── DATASET EXTRACT ──

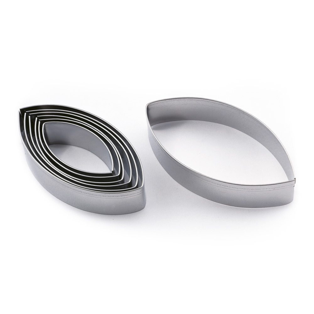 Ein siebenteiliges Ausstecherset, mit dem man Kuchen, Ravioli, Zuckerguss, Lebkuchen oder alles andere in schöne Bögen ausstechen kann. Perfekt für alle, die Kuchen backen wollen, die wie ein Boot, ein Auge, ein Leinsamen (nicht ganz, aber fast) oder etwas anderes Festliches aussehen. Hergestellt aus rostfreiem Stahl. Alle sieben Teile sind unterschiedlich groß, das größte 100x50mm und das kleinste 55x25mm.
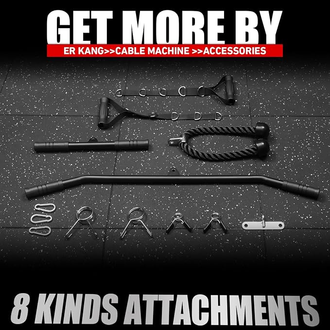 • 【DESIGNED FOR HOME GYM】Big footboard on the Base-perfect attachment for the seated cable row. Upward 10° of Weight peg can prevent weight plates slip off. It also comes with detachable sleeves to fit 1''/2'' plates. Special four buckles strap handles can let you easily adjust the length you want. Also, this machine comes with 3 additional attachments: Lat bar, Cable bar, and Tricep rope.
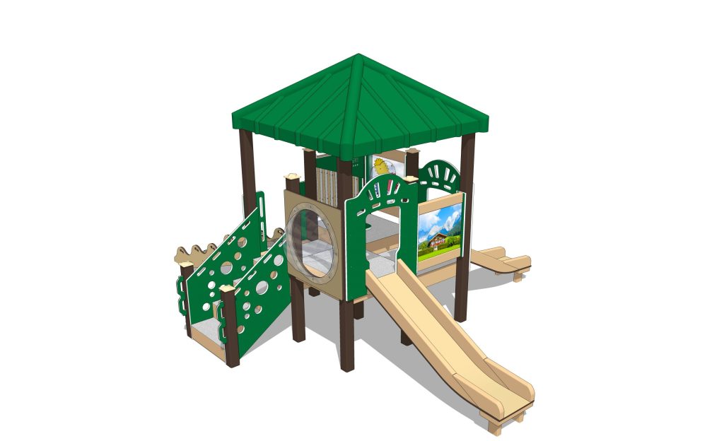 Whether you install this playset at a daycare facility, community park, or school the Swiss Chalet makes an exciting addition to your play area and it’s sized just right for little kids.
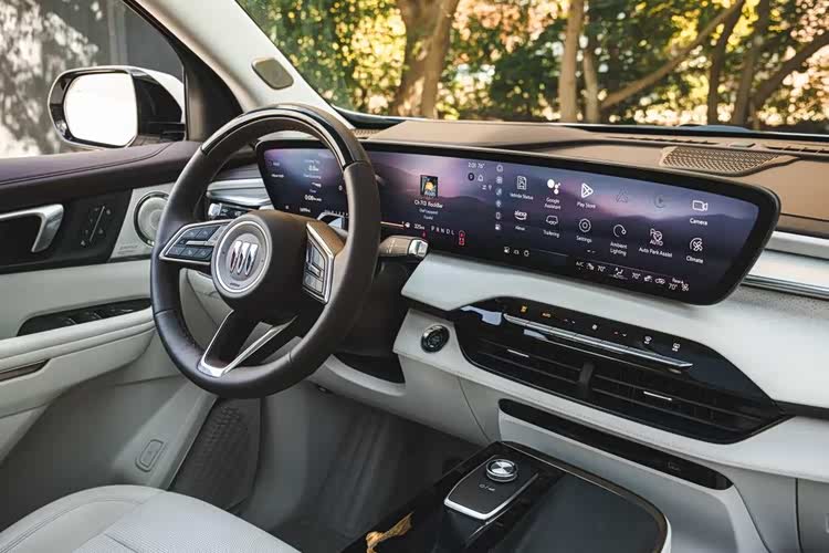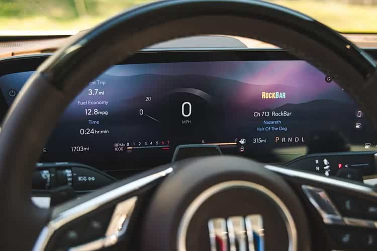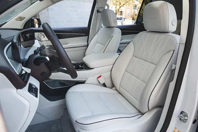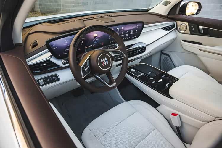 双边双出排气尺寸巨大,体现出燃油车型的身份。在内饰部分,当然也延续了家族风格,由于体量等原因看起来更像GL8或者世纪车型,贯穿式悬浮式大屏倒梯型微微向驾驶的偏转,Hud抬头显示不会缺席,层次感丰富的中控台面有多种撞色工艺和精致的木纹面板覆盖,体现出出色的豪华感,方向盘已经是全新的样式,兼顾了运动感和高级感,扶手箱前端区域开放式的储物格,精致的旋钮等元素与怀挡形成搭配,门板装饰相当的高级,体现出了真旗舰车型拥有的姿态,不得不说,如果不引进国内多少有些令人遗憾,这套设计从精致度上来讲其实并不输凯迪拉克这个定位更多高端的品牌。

───

WHAT YOU WILL DO:
Type the lines above out again exactly as they appear, skipping every picture.

RESULT OF THIS EXERCISE:
 Ein siebenteiliges Ausstecherset, mit dem man Kuchen, Ravioli, Zuckerguss, Lebkuchen oder alles andere in schöne Bögen ausstechen kann. Perfekt für alle, die Kuchen backen wollen, die wie ein Boot, ein Auge, ein Leinsamen (nicht ganz, aber fast) oder etwas anderes Festliches aussehen. Hergestellt aus rostfreiem Stahl. Alle sieben Teile sind unterschiedlich groß, das größte 100x50mm und das kleinste 55x25mm.
 • 【DESIGNED FOR HOME GYM】Big footboard on the Base-perfect attachment for the seated cable row. Upward 10° of Weight peg can prevent weight plates slip off. It also comes with detachable sleeves to fit 1''/2'' plates. Special four buckles strap handles can let you easily adjust the length you want. Also, this machine comes with 3 additional attachments: Lat bar, Cable bar, and Tricep rope.
 Whether you install this playset at a daycare facility, community park, or school the Swiss Chalet makes an exciting addition to your play area and it’s sized just right for little kids.
 双边双出排气尺寸巨大,体现出燃油车型的身份。在内饰部分,当然也延续了家族风格,由于体量等原因看起来更像GL8或者世纪车型,贯穿式悬浮式大屏倒梯型微微向驾驶的偏转,Hud抬头显示不会缺席,层次感丰富的中控台面有多种撞色工艺和精致的木纹面板覆盖,体现出出色的豪华感,方向盘已经是全新的样式,兼顾了运动感和高级感,扶手箱前端区域开放式的储物格,精致的旋钮等元素与怀挡形成搭配,门板装饰相当的高级,体现出了真旗舰车型拥有的姿态,不得不说,如果不引进国内多少有些令人遗憾,这套设计从精致度上来讲其实并不输凯迪拉克这个定位更多高端的品牌。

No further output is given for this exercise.